Un homme attend de son banquier qu’il lui accorde un crédit pour relancer son entreprise en sommeil. Chauffeur de taxi pour subsister pendant la période de stand-by, il apprend au cours du rendez-vous final avec le banquier que le pot-de-vin qu’il doit lui verser a atteint une somme qu’il lui est impossible de débourser. Excédé et soudain exposé aux menaces du prêteur, l’homme sort une arme et tire. Le drame de ce chauffeur de taxi occasionnel suscite un débat national et la une des émissions de radio.
Pendant ce temps, cinq chauffeurs de taxis et leurs passagers roulent dans Sofia de nuit. Chacun vit dans l’espoir d’un avenir meilleur….
En Bulgarie, chaque fois que quelqu’un perd son emploi, il devient chauffeur de taxi.
L’idée de faire un film sur le sujet est venue à Stephan Komanderev le jour où un chauffeur de taxi qui le conduisait lui a appris qu’il venait de perdre son poste de professeur de Sciences nucléaires à l’Académie Bulgare des Sciences et qu’il s’était rabattu sur cette solution pour survivre.
Les salaires dans le pays sont souvent insuffisants pour assurer le minimum et c’est ainsi que des enseignants, des scientifiques, des prêtres, des musiciens ou des boulangers, conduisent des taxis de nuit pour améliorer l’ordinaire.
Cet homme qui, en dépit de la situation critique où il se trouvait ne manquait pas d’humour a lancé la boutade selon laquelle la Bulgarie est un pays plein d’optimistes parce que les pessimistes et les réalistes en sont partis depuis longtemps.

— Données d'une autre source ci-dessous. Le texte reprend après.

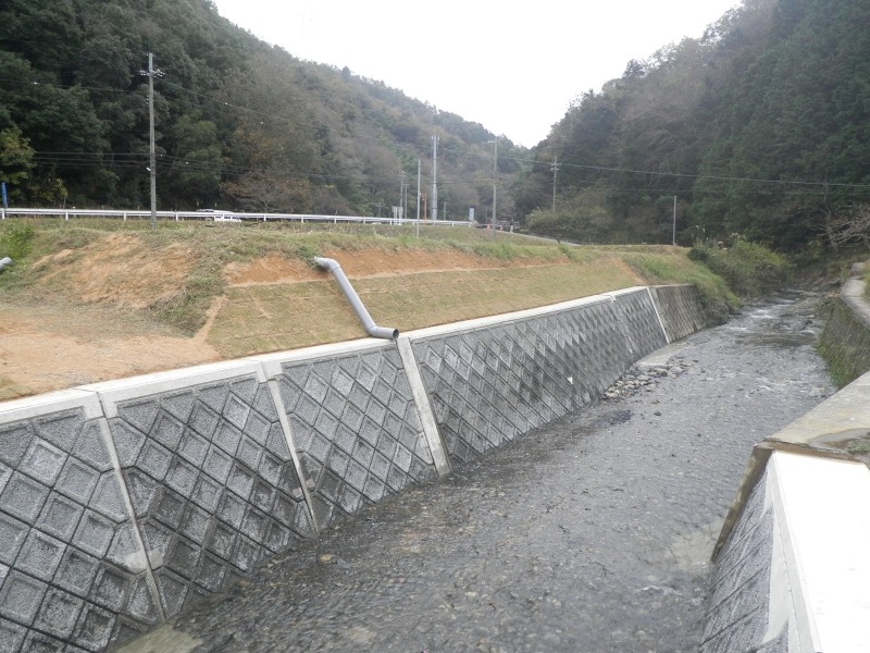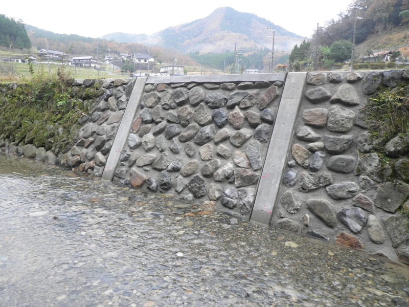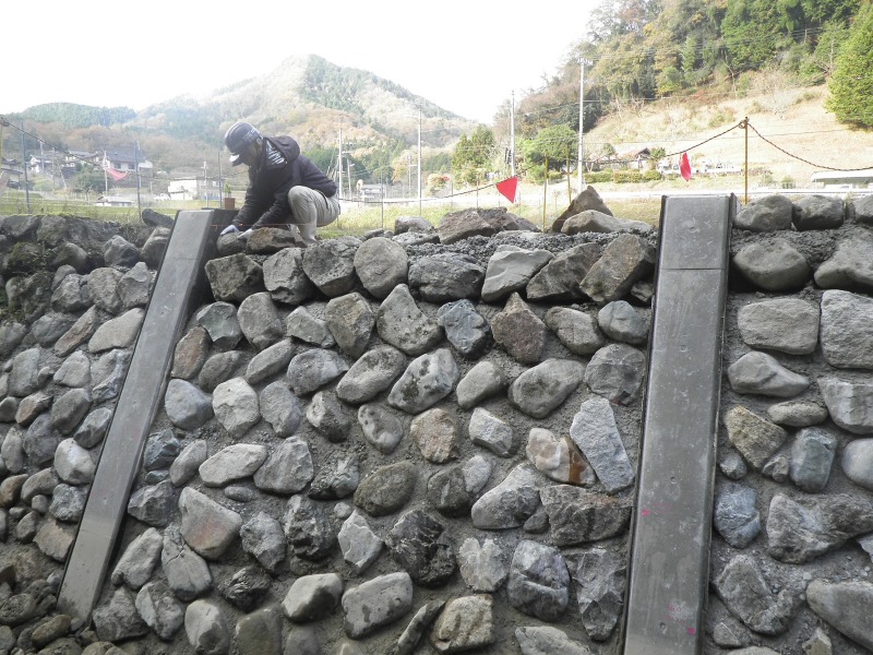 大呂の現場では現地の石を利用して護岸を作りました。

Depuis, le réalisateur n’a cessé de prêter une oreille attentive aux propos des chauffeurs de taxis qui lui sont apparus au fur et à mesure de son écoute, un excellent baromètre pour mesurer les réalités sociales d’un pays où la pauvreté et une inégalité toujours croissante produisent un sentiment d’échec qui se généralise à toutes les couches de la société. La Bulgarie est devenu un pays où le rêve d’une vie meilleure a laissé le pas à ce qui est devenu l’urgence, la lutte obstinée pour une survie primitive.
«Taxi Sofia» se présente sous la forme de plusieurs épisodes inspirés pour la plupart d’entre eux de faits réels même si l’objectif de Stephan Komanderev n’était pas tant de faire le récit d’histoires vraies que de représenter, au moyen de la fiction dramatique, une vérité émotionnelle au cœur de chaque situation.
Mais, pour garder une couleur d’authenticité et de réalité dans le film, chaque épisode a été tourné en plans séquences.
Ces épisodes mis bout à bout dressent un portrait du pays où le personnage de nanti est un mari infidèle, le seul dont la préoccupation n’est pas du domaine de la survie, mais de celui de la frivolité.
Ce film sombre, dont le seul épisode de jour finit par un meurtre, contient des moments qui peuvent paraître inégaux (le mari infidèle trahi par un cri de sa maîtresse, le discours entre le chauffeur de taxi curé et son passager) mais ils sont relevés par d’autres moments intenses, forts et souvent pathétiques et de solidarité.
Tous contribuent à faire de « Taxi Sofia» une œuvre puissante.